Introduction to Large Language Models (LLMs)

Objective

  • Provide an intuitive understanding of large language models, such as ChatGPT.
  • Discuss the strengths, weaknesses, and intricacies of LLMs.

Key Questions Addressed

  • What are LLMs?
  • How are they constructed?
  • What are the psychological implications of using such tools?

Structure of the Lecture

  1. Building LLMs
  2. Pre-training
  3. Tokenization
  4. Neural Network Training
  5. Inference
  6. Post-Training
  7. Cognitive Implications
  8. Reinforcement Learning
  9. Future Directions

Building Large Language Models

Pre-training Stage

  • Objective: Acquire a vast amount of knowledge by processing internet data.
  • Data Collection: Use datasets like the Pile or Common Crawl to gather diverse, high-quality documents.
  • Data Size: Typical datasets might be around 44TB, but filtered down to about 15 trillion tokens.

Tokenization

  • Convert text into a sequence of symbols (tokens).
  • Use byte pair encoding to compress data while maintaining meaning.
  • Example: Convert raw text into a sequence of tokens using a tokenizer tool.

Neural Network Training

  • Objective: Model statistical relationships in text data.
  • Process: Sliding window of tokens fed into a neural network to predict subsequent tokens.
  • Adjustments: Neural networks are updated based on prediction accuracy.

Inference

  • Objective: Generate new data from the model.
  • Process: Start with a series of tokens, predict the next token using probability distributions.

Post-Training

Fine-Tuning

  • Refine models for specific tasks using human-generated conversation datasets.
  • Human Labelers: Essential in creating frameworks for ideal assistant responses.

Tool Use and Enhancements

  • Encourage models to use tools (e.g., web search) to mitigate limitations, such as hallucinations.

Cognitive Implications

  • Hallucinations: Models may invent information when uncertain.
  • Tokenization Limits: Spelling and counting tasks may fail due to tokenization quirks.
  • Encourage distributed thinking across tokens.

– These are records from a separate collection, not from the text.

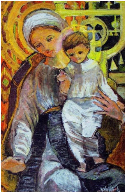
Галина Новаківська, Різдво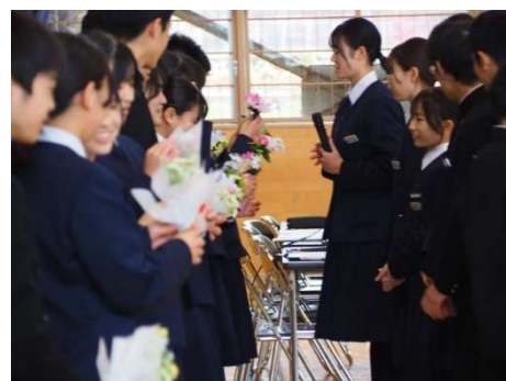
新旧執行部の引継ぎ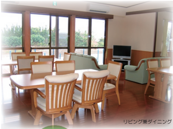
リビング兼ダイニング

小規模多機能型居宅介護は、日帰りの通いサービスを中心に訪問サービス、宿泊サービスを組み合わせ 24 時間、365 日利用者様の在宅生活を支援する介護サービスです。利用者様が住み慣れた地域で安心した生活を送れるよう支援いたします。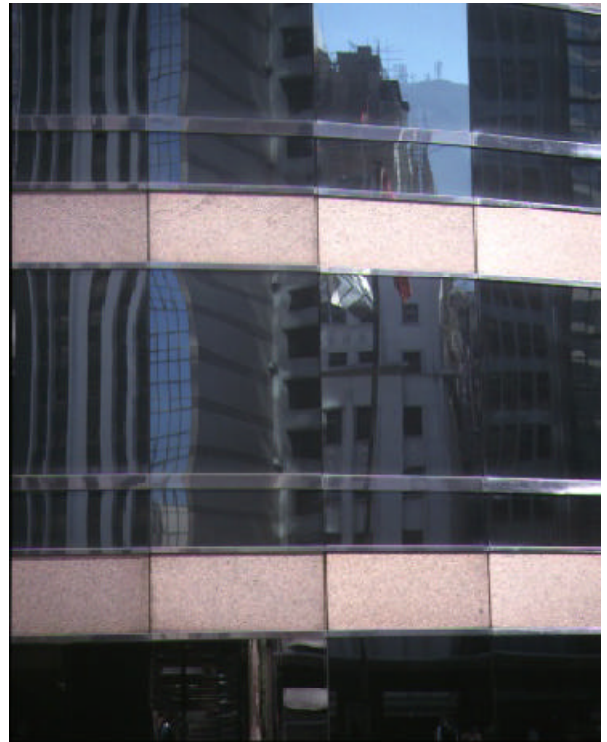
交易廣場用上石、玻璃及金屬作外牆，這些不同的物料給你甚麼感覺？

視覺質感可分為模擬質感與創作質感兩類。模擬質感是利用線條組織、明暗表現，模擬出實物的質感效果，造成視覺上的假象。創作質感同樣利用視覺元素的組織，構成不同痕跡，加強美術品本身的內容。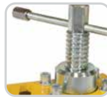
La rosca Acme ofrece resistencia de agarre superior y permite a los operadores la posibilidad de liberar lentamente la banda después del mantenimiento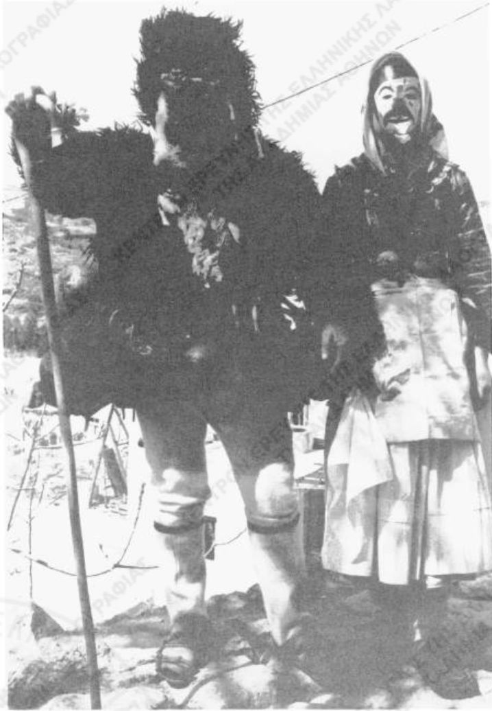
Εικ. 2. «Γέρος» και «Κορέλα» της Σκύρου (φωτ. Γ.Ν. Αικατ., 1978).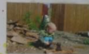
Без меня Дима? - Дима! - Игрушки не играть!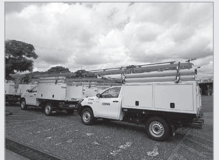
Para atuar no Cemig Agro, ao todo, foram adquiridas 83 novas caminhonetes, com tração nas quatro rodas, da marca Toyota, preparadas para enfrentar estradas sem pavimentação e em dias de chuva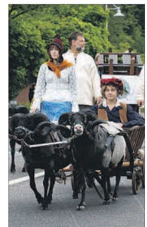
Manche haben es ganz bequem...

Reinforcement Learning (RL)

Motivation

  • Enable models to discover solutions through trial and error, akin to practicing problems.

RL Process

  • Generate multiple solutions to a problem and reinforce successful ones.
  • Reward models learn to simulate human judgments.

Emergent Behavior

  • Models develop "chains of thought," improving problem-solving abilities.

Future Directions

Multimodality

  • Integration of audio and images with text processing.

Extended Task Management

  • Development of AI agents capable of handling complex, long-term tasks.

Embedded Systems

  • More seamless integration in daily tools and environments.

Continuous Learning

  • Potential for models to learn and adapt during inference stages.

Finding LLMs

  • Use tools like ChatGPT, Google Gemini, DeepSeek R1 to explore different models and capabilities.

Conclusion

  • LLMs present immense potential but require careful handling due to their inherent limitations.
  • Use them as tools for augmentation, not replacement.

Recommended Resources

  • ElMira Leaderboard: Tracks top-performing models.
  • AI News Newsletter: Keeps updated on AI developments.
  • Together.AI and LM Studio: Platforms for exploring and running models locally.